I want to perform a simple One-Hot encoding by utilizing DataFrames.jl
's transform!
but I'm unsuccessful. I use the following DataFrame:
using DataFrames
df = DataFrame(
color = ["red", "green", "blue"],
x = [1, 2, 3]
)
# 3×2 DataFrame
# Row │ color x
# │ String Int64
# ─────┼───────────────
# 1 │ red 1
# 2 │ green 2
# 3 │ blue 3
And I defined a simple function to return the encoded matrix:
function OneHotEncod(vec::Vector{String})
reduce(hcat, [vec .== i for i=vec])
end
Then, when I run the following code, I get an error:
transform!(df, Cols(:color) => x -> OneHotEncod(x), renamecols=false)
ERROR: ArgumentError: Table returned, but a single output column was expected
The error is clear, but I wonder if there is any way to use transform!
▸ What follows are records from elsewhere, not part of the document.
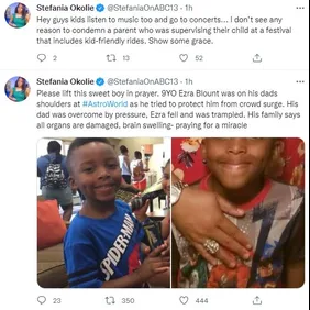 "The 9 YO boy is in coma right now & brain swelling has gotten progressively worse today after he was trampled at #Astroworld .family does not want his name shared right now, but please lift this child in prayer. He didn’t deserve this. We hear from Grandfather at 5 @abc13houston." She later shared his name at the family's request.
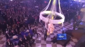 An awe-inspiring and stunning aerial performance by an exceptional aerialist suspended from a majestic crystal chandelier
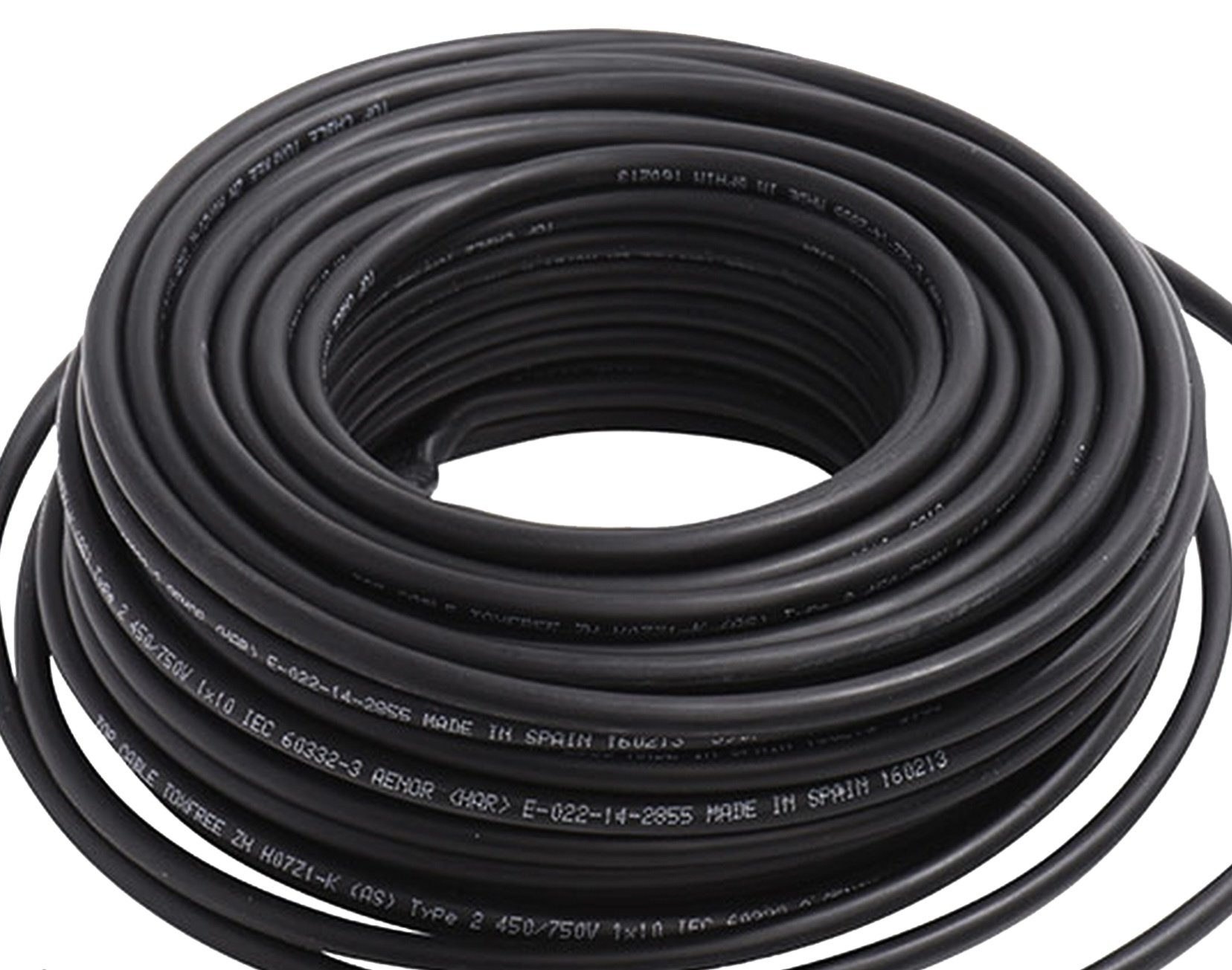Zeer goede kwaliteit, soepele en makkelijk buigzame, accukabel (50mm2) voor o.a. het verlengen van de aansluitkabel tussen de omvormer en de accu.
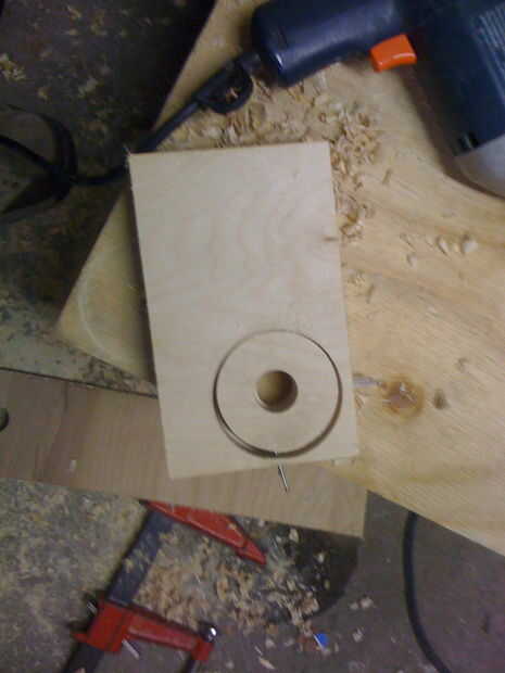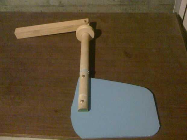 El timón se hace fuera de un polo cerrado que fue aplanado en un lado cerca de 5 pulgadas para arriba con un tablero de madera contrachapada de 3/8 con tornillos de latón.  Yo corte una lavadora gigante con una sierra.  El orificio grande se cortó primero (3 pulgadas) y luego el disco en con un clavo y el más pequeño agujero perforaron.   La parte superior del poste fue aplanada por ambos lados y se ranura en la manija para el polo entra en el mango y celebró con un tornillo.  La parte inferior de la empuñadura fue redondeada en la parte posterior para que el mango podría ser levantado.

while the specified function returns more than one vector (like a Matrix)?
Appendix:
OneHotEncod(df.color)
# 3×3 BitMatrix:
# 1 0 0
# 0 1 0
# 0 0 1
CodePudding user response:
You just need to specify that the output has multiple columns like this:
julia> transform!(df, :color => OneHotEncod => AsTable)
3×5 DataFrame
Row │ color x x1 x2 x3
│ String Int64 Bool Bool Bool
─────┼────────────────────────────────────
1 │ red 1 true false false
2 │ green 2 false true false
3 │ blue 3 false false true
A natural alternative is:
julia> transform!(df, [:color => ByRow(==(c)) => c for c in unique(df.color)])
3×8 DataFrame
Row │ color x x1 x2 x3 red green blue
│ String Int64 Bool Bool Bool Bool Bool Bool
─────┼─────────────────────────────────────────────────────────
1 │ red 1 true false false true false false
2 │ green 2 false true false false true false
3 │ blue 3 false false true false false true
as then you automatically set informative column names.